Fig. 5: Model comparison.
From: Neuro-computational mechanisms and individual biases in action-outcome learning under moral conflict

a Model formalization for the chosen (red contour) option. In all models, decisions are based on a categorical logit function (aka softmax), contrasting the expected value across the alternatives with inverse temperature τ∈[0,5] and learning rate LR∈[0,1]. EV = Expected Value, PE = Prediction Error, Out = Outcome. Subscript M = money and S = shocks. Outcomes are coded by value: high-shock OutS = −1, low-shock OutS = +1, high-Money OutM = +1, low-money OutM = −1. If outcome is withheld during Dropout, OutS or OutM = 0. Outcomes are set to the same values (+1 and −1) for money and shock because of the optimization task (Supplementary Note §4). b Decision Model at the 11th trial for the Dropout condition. c Choices in the first 10 trials of the ConflictDropout blocks (Online experiment) as a function of preference together with the predictions by M1, M2Dec, and M2Out.
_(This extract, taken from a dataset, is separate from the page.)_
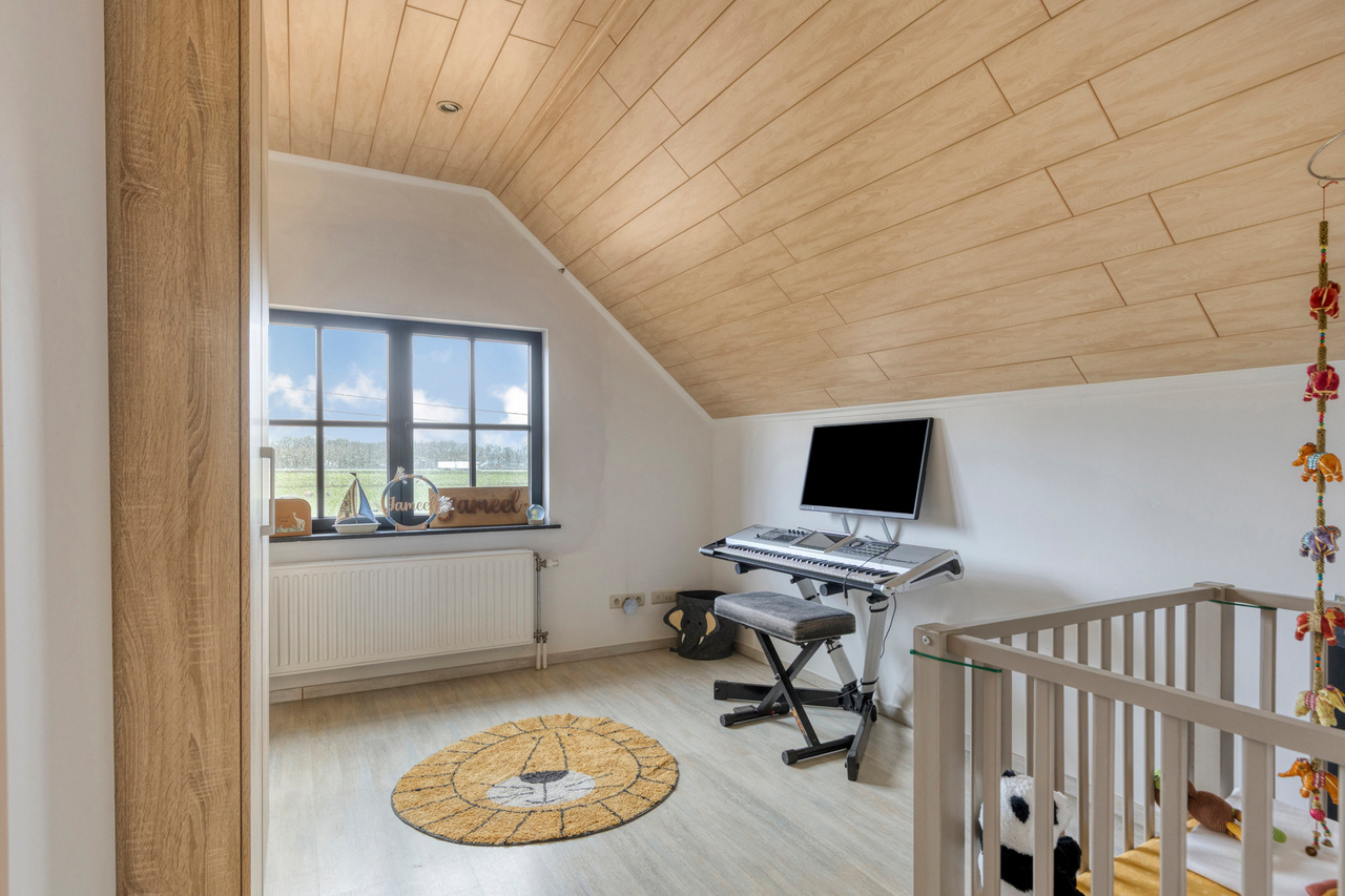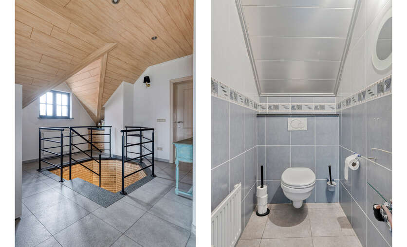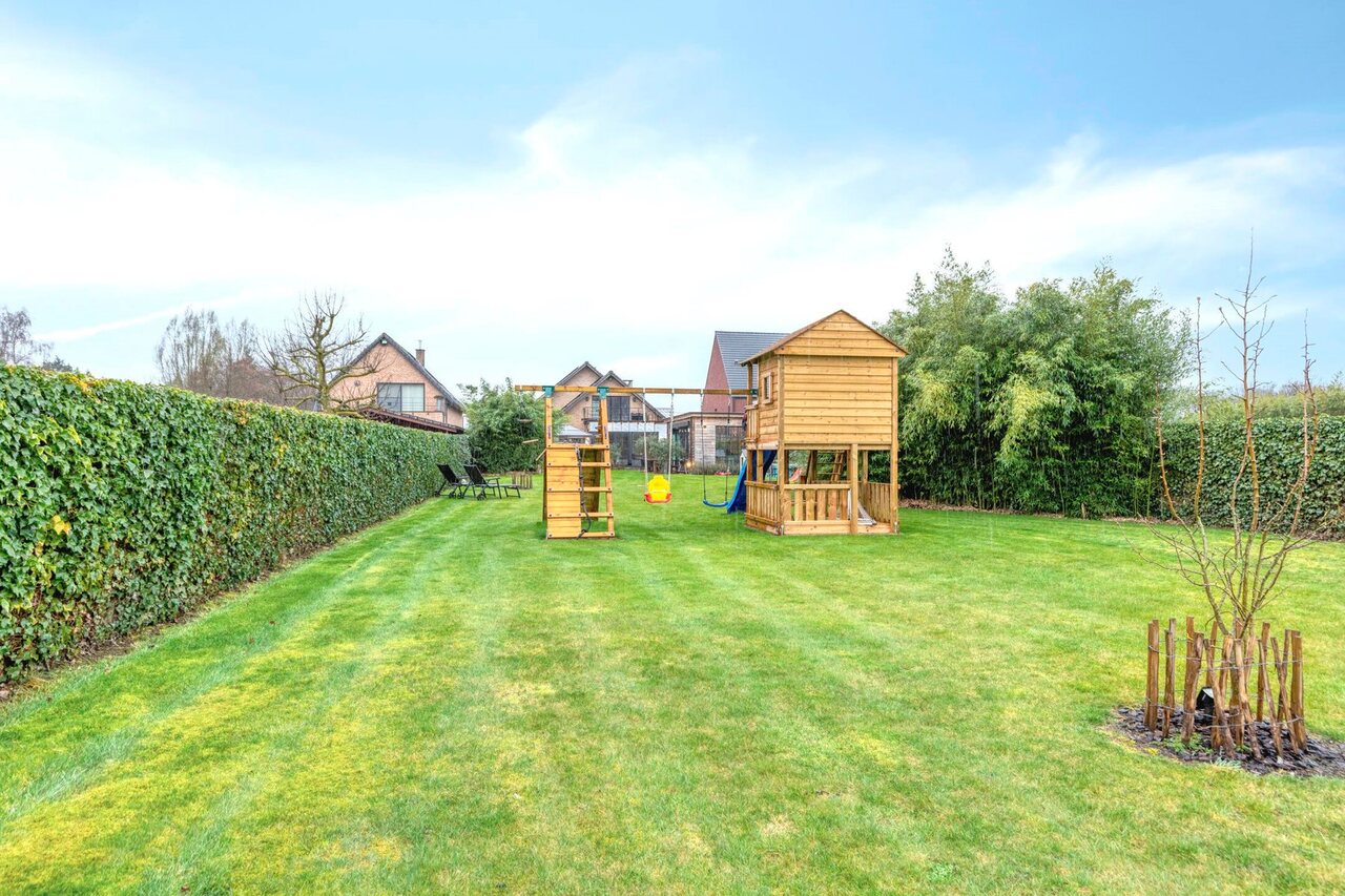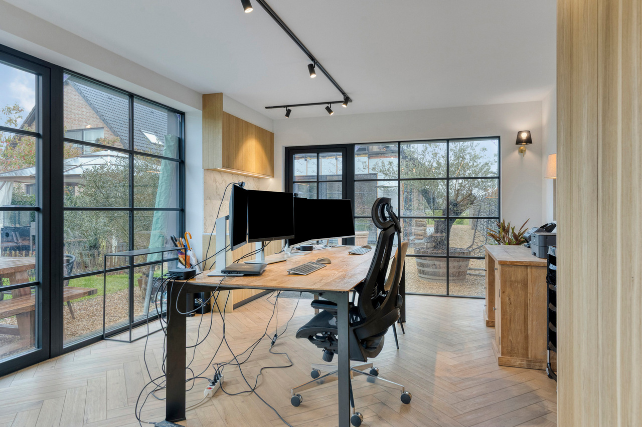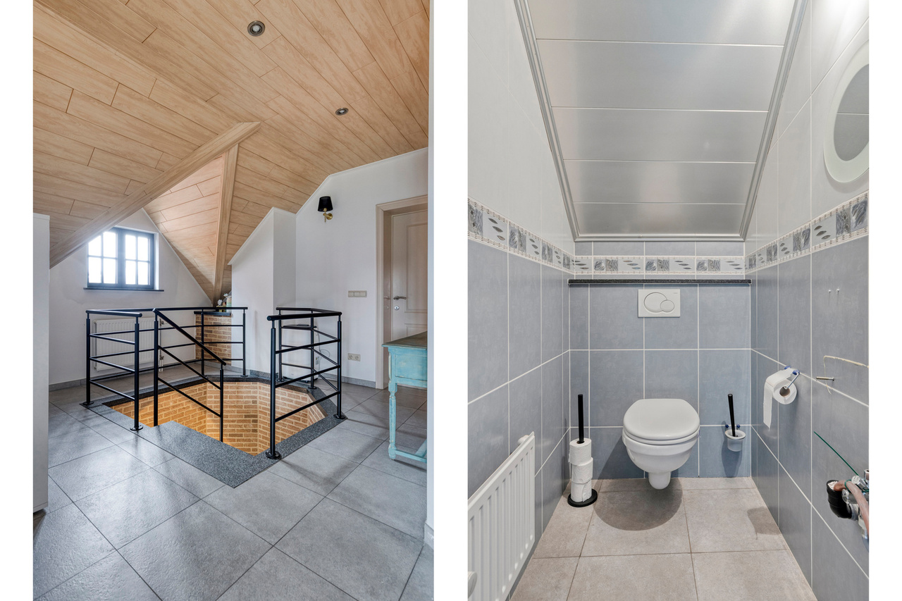 Op het gelijkvloers bevinden zich verder een bureau en een praktische berging. De verdieping omvat een nachthal die toegang geeft tot vier volwaardige slaapkamers, een badkamer en een afzonderlijk toilet, waardoor deze woning perfect aansluit bij de noden van een gezin dat ruimte en comfort centraal stelt.

M0 always predicts 0.5 and is not shown. Choices and predictions averaged over all blocks, error bars: s.e.m. across participants (N = 29 Considerate, N = 24 Lucrative, N = 26 Ambiguous). d Leave-one-out information criterion (LOOIC34) of the models over the first 10 trials. Error bars: standard error of the estimation LOOICerror. M0 performs poorly, the three learning models perform similarly. The information criterion (IC) scale captures how much information is lost when comparing model predictions with actual choices, and smaller IC thus characterize models that better describe behavior. N = 79. e Change of participant choices (N = 29 Considerate, N = 24 Lucrative, N = 26 Ambiguous) and model predictions for the 10th to the 11th trial. Dashed lines connect 10th to 11th trials when money is removed (gray background), dotted lines, when shocks are removed (yellow background). 11th trial not included in model fitting. M2Out (black arrowheads) makes the best predictions for the 11th trial. Error bars: standard error of the mean across participants. f Distribution over 4000 posterior draws of the summed log-likelihood of the 11th trial over all participants multiplied by −2 to place values on the information criterion scale as for LOOIC. M2Out outperformed all other models. We use LOOIC in d, because these first 10 trials were included in the fitting of the model, but log-likelihood in f because it is not included in the model fit. Source data are provided as a Source Data file.